FRED- Já entendi. (Alexandra faz uma cara de quem esta esperando uma estória) Vamos lá. Eu tava saindo do jornal, indo pra casa, já era noite. Talvez fosse encontrar uns amigos num bar eu nem lembro. Um carro parou. No começo... (ele para) No começo achei que era imaginação minha, mas não.  Eles me colocaram dentro e me levaram para interrogatório. Era um dia quente. Depois foi uma longa noite, eu não sabia se era noite ou dia era uma sala fechada, ficou frio, passou sei lá quanto tempo. É isso.  Libertaram-me, negociaram minha troca e aqui estou. (Ri). Terei de viver com isso para sempre. Mas aqui na França têm tantos como eu que apanharam na guerra. A diferença é que eles derrotaram o inimigo.

ALE- Eu estava grávida.

FRED- Eu não sabia.

ALE-Talvez você fosse o pai. Fred, eu sempre te achei um cara sensacional, mas eu amava o Pedro. Você me disse que ele estava reencontrando a Marina, por isso fiquei aquela noite com você, acho que era por vingança, eu sou muito vingativa, mas eu amava o Pedro.
-

FRED- Você acabou na casa da Marina. Que tal é ela?
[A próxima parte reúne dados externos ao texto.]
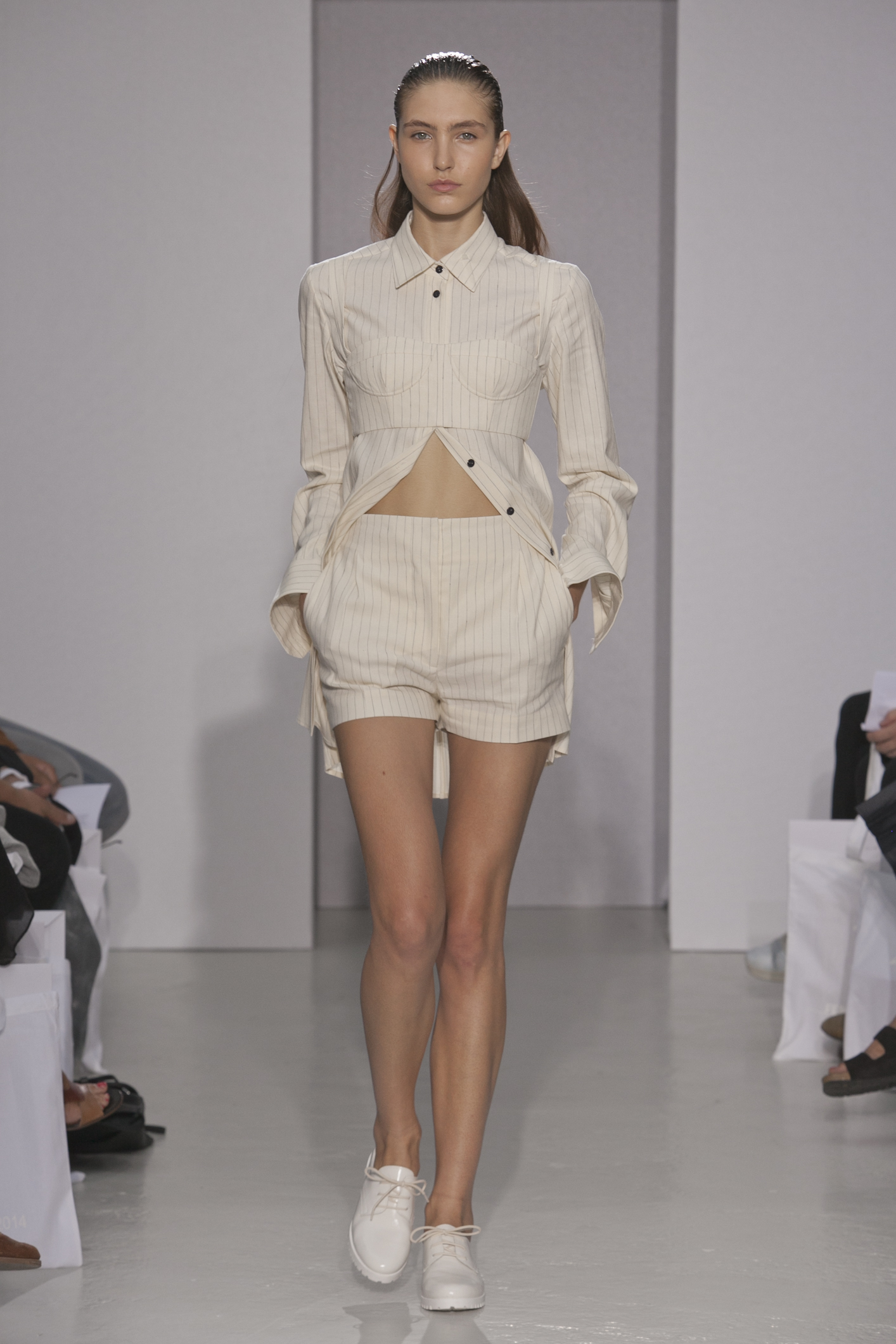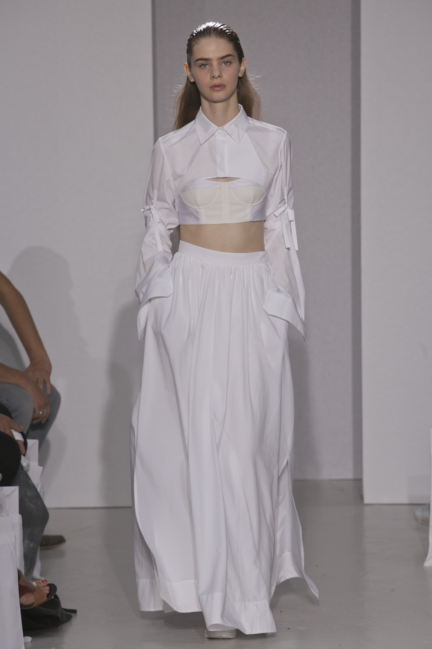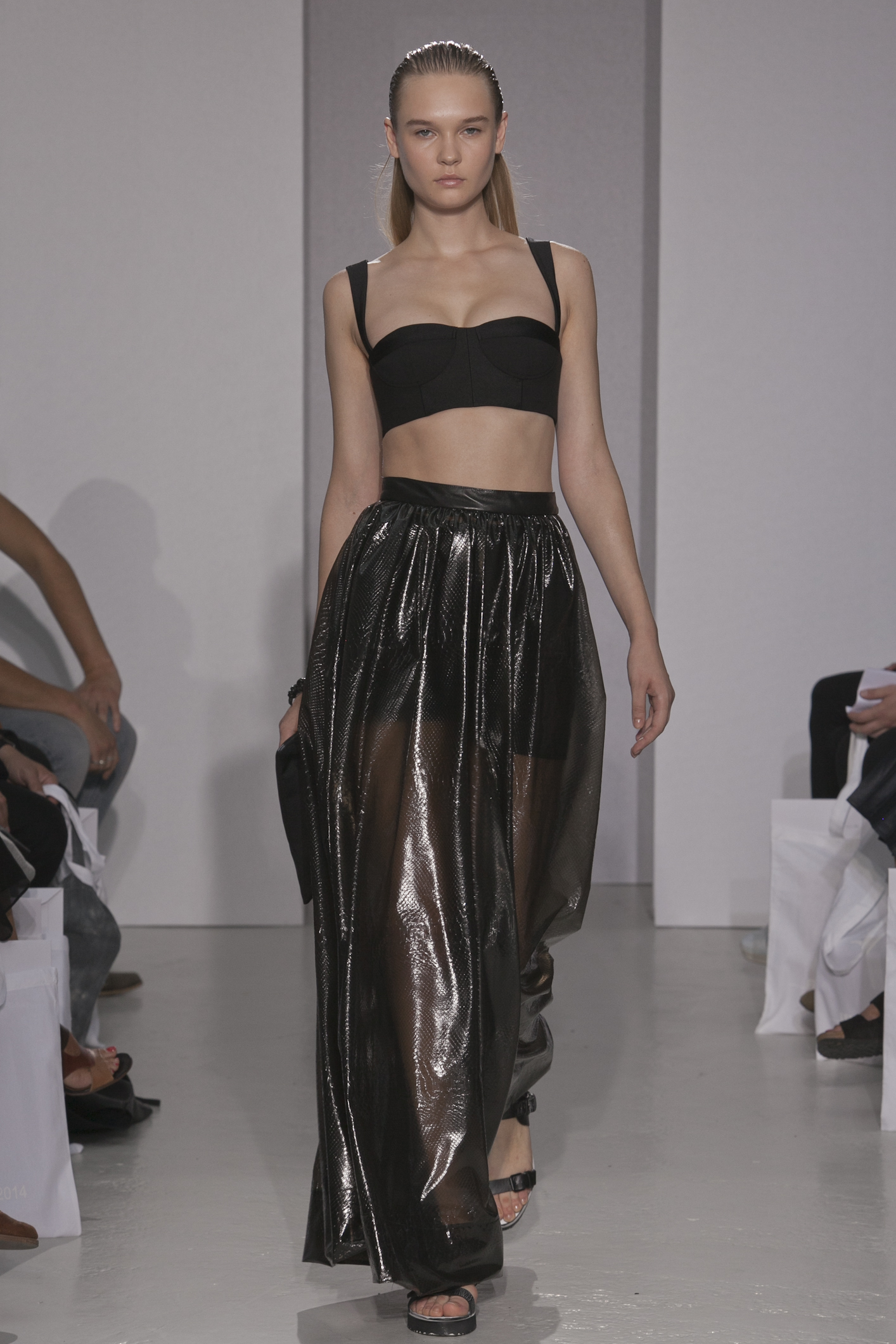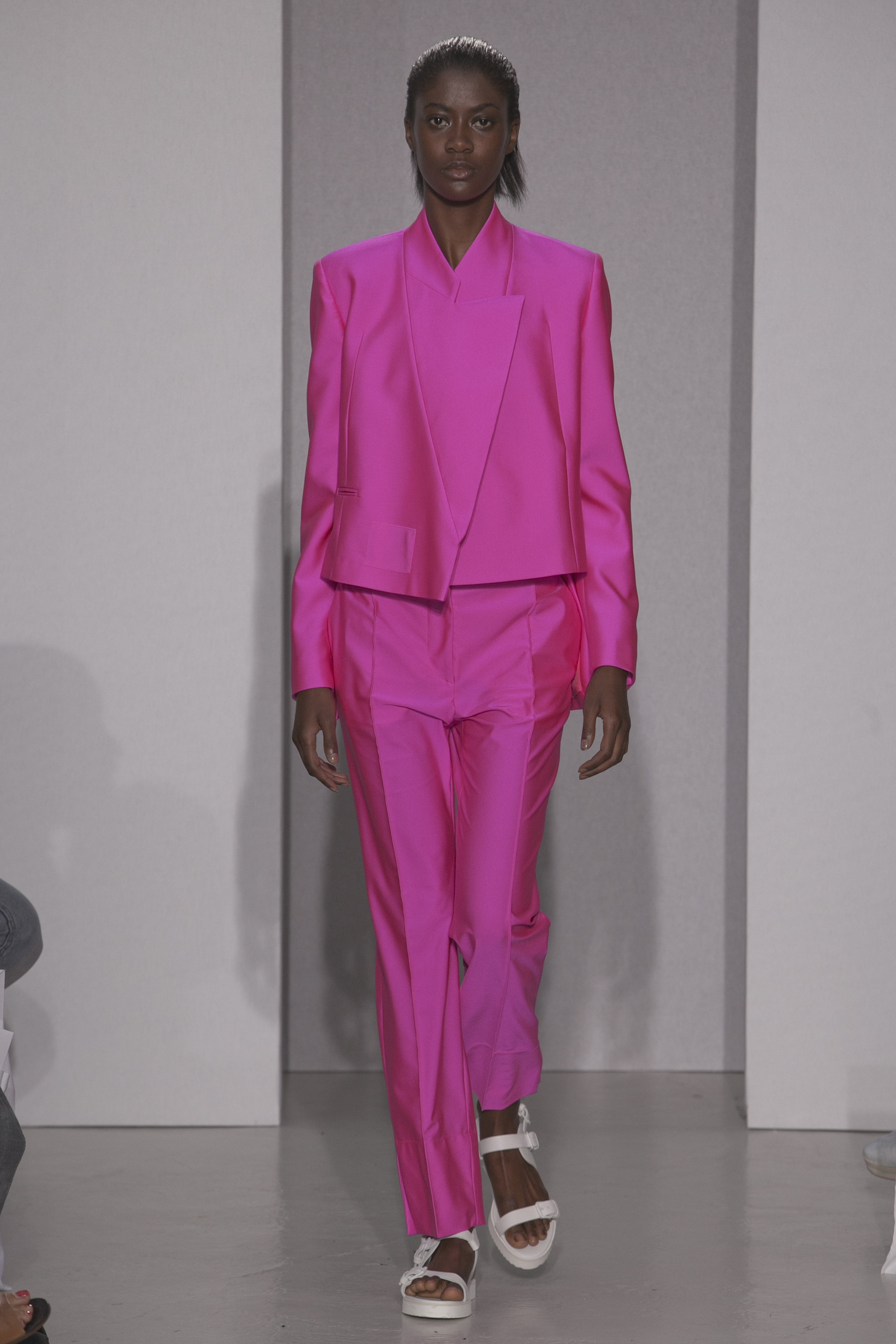 La silueta es relajada, escotes redondeados, pantalones rasgados y sandalias planas con hebillas y trench livianos. El color rosa llamativo pone de manifiesto una serie atrevida y femenina, en lana liviana como una camisa de vestir y vaporosa enmarcando el busto por un sujetador balconette cuadrado. Jardineros y vestidos de cóctel siguen la creación de una serie de bustiers en popelina. Un toque perverso, el uneclutch con cable y una falda amplia en PVC print pitón extiende el discurso de las texturas inquietantes.

ALE- O que ela fez por mim eu não teria feito por ela.

FRED- Nós estudamos juntos. Mas eu não a conheço bem. Você me disse naquela noite que iria numa missão secreta. No dia seguinte é que eu fui pego.

ALE- A missão foi adiada. Fred me diz foi você?

FRED- Ale, você não sabe o que é ser...

ALE- O que? Torturado. Talvez o Pedro saiba.

FRED- (Suspira). Não seja como eles, pare agora.

ALE- Eu estava lá. Naquela casa.

FRED- Eu não sabia, você disse que iria embora em uma missão.

ALE- Por isso você falou?

FRED- Eu não sei o que eu falei. A gente não sabe o que esta falando, não tem controle quando estamos lá, não estamos completamente acordados. Não quero lembrar, não foi culpa minha! Você nunca passou por isso , não sabe de nada!

ALE- Me disseram que você foi entregando o aparelho, nem resistiu o normal, o mínimo.

FRED- Quem te deu esta informação não falou a verdade, nem existe este mínimo. Somos seres humanos. Temos reações humanas e basta.

ALE- Não , não basta. Você achou que matando o Pedro, eu ficaria com você Fred?

FRED- O que... O que é que você está insinuando que eu sou um assassino? Pare Ale, você está distorcendo tudo, nós somos aliados, eu , você, o Pedro, todos , o movimento.

ALE- Como você pode Fred?

FRED- Eu sou jornalista! Ale, eu não sou guerrilheiro.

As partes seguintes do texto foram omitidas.